I called Farouq. This was probably not a good idea. This was Friday, Farouq’s day off. In an attempt to show how productive I was, how useful I was, I had been pushing Farouq harder than in years, harder than he was used to working. I listened to my friend tell Farouq how the young man didn’t know enough to be a driver. She was right—but this conversation would have fallout. She was challenging Farouq’s Pashtun-ness and questioning him in a way that was not good. Farouq wanted to talk to the driver, then me. He was icy.
“He is just a boy. He is just learning. And you’re making him work too late at night.”

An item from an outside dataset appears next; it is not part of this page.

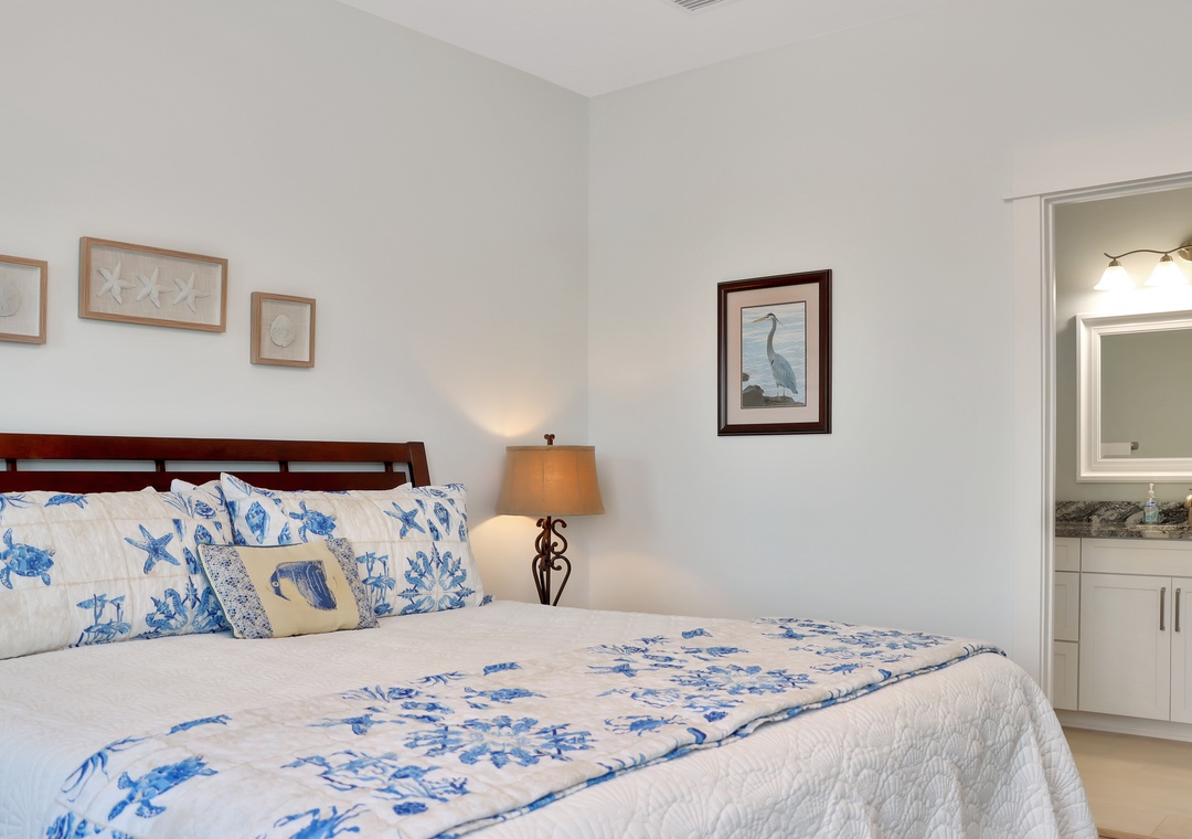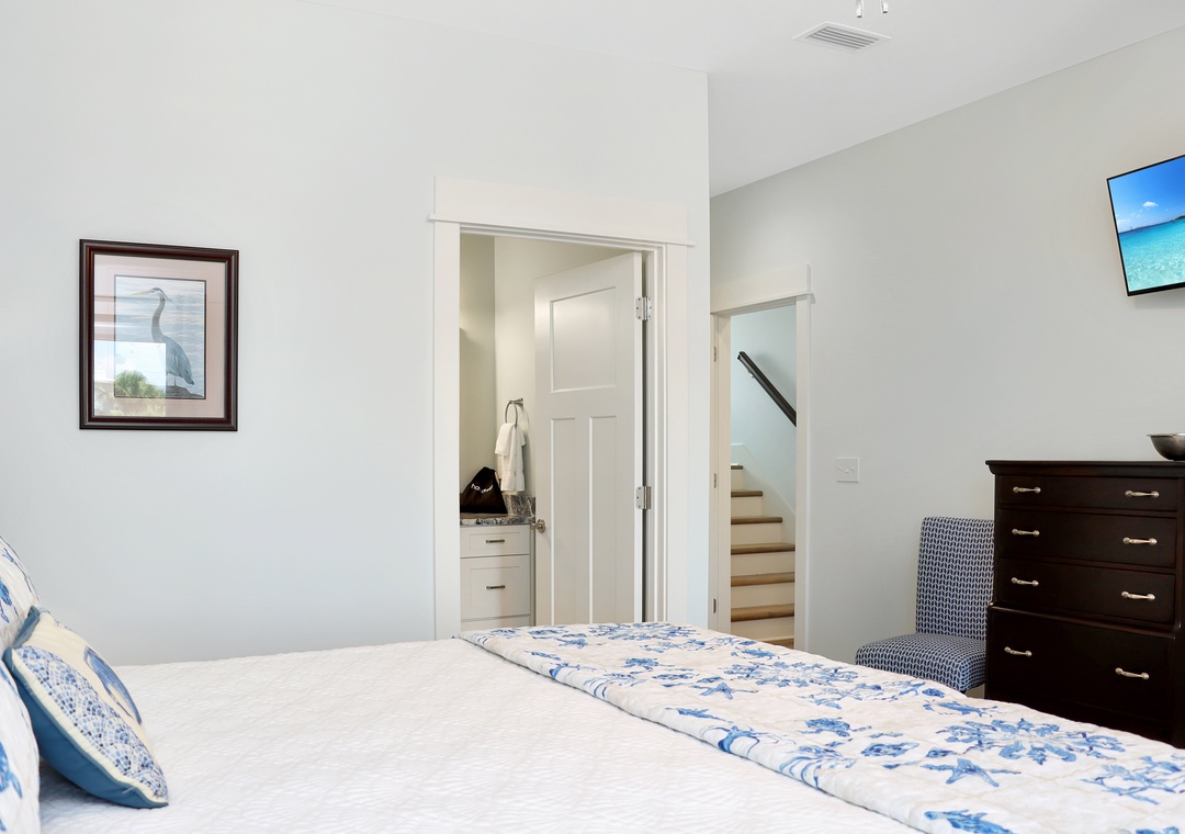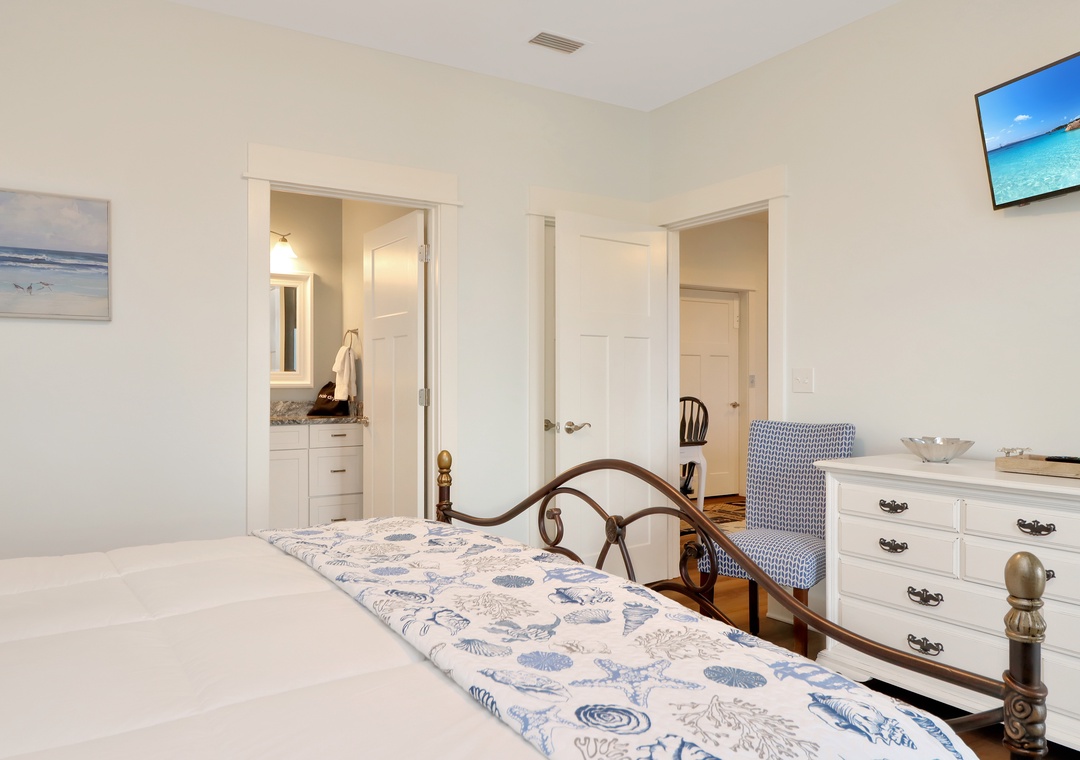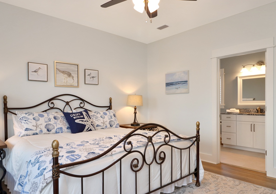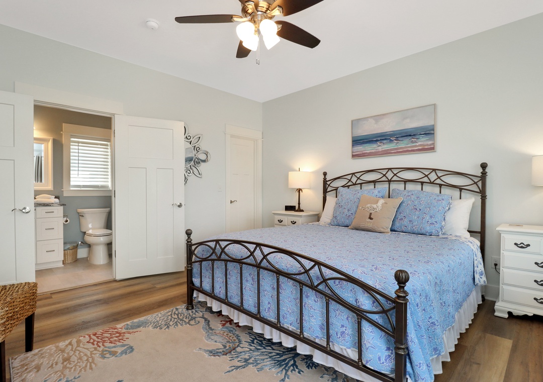 Master bedroom with king bed and master bathroom attached.

“If I’m paying $50 a day for a driver, he has to work,” I said. “And it’s only eight o’clock.”
The next week, Farouq told me the driver could not work in the evenings.
“Because of the situation,” Farouq said. “He’s just a boy.”

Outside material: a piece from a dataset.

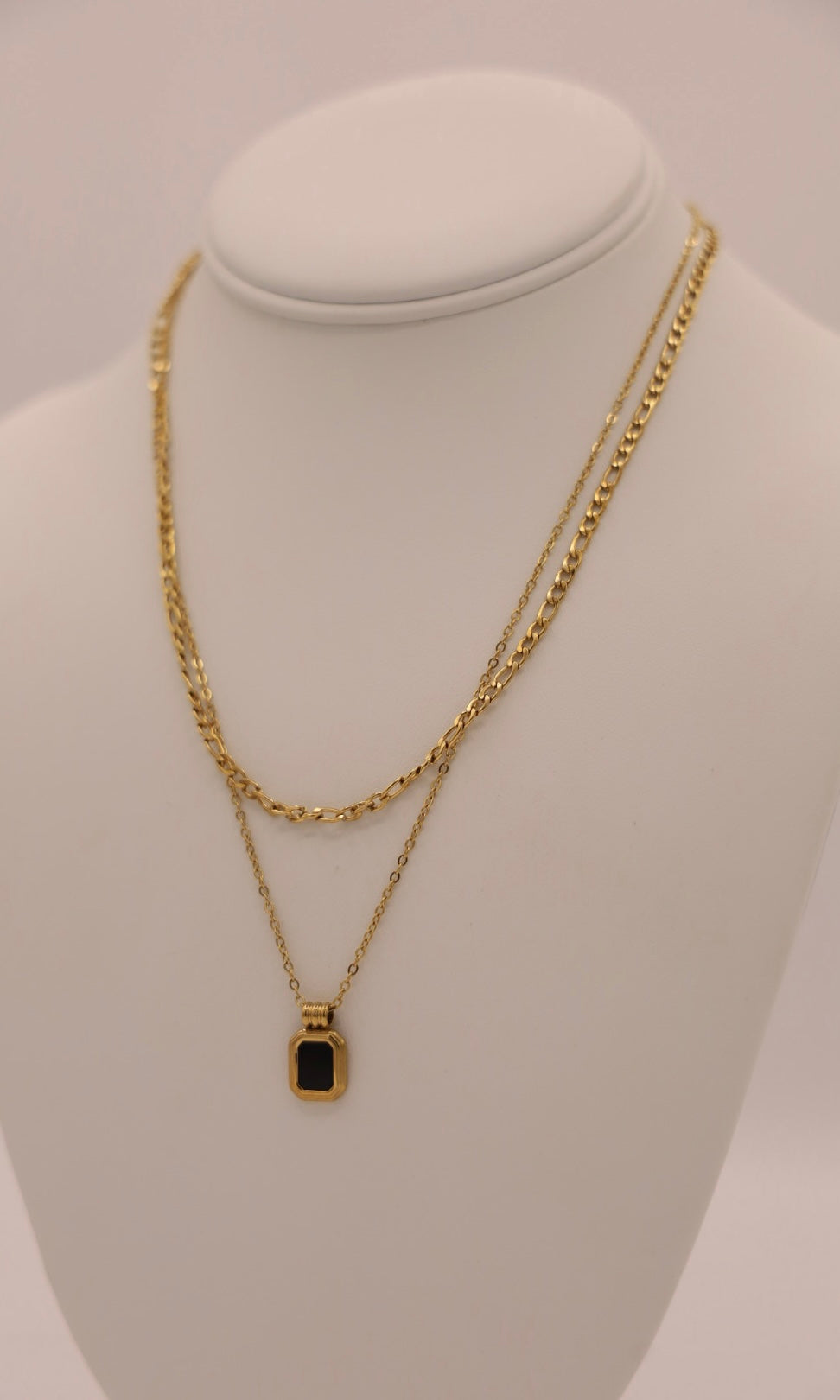 A classy gold layered necklace with black pendant!

The attacks in Afghanistan were almost always between seven and ten in the morning, and we had adjusted our schedule accordingly. Only one major attack had been at night.
“I don’t get it,” I said. “Nothing ever happens at night.”
“Something might,” Farouq said.
Right before I left Kabul, the driver again couldn’t remember where a restaurant was. Farouq wasn’t in the car.
“I can’t believe this,” I complained. “My company is paying a lot of money for a driver, and you can’t remember where anything is.”
I had assumed I was paying $50 for a driver, and $100 for Farouq. But apparently Farouq and his employee had a different deal. The poor guy, struggling with his English, tried to understand me. He looked at me, and tried to explain himself in a combination of Dari and English.
“No. Not a lot.”
“How much do you make?”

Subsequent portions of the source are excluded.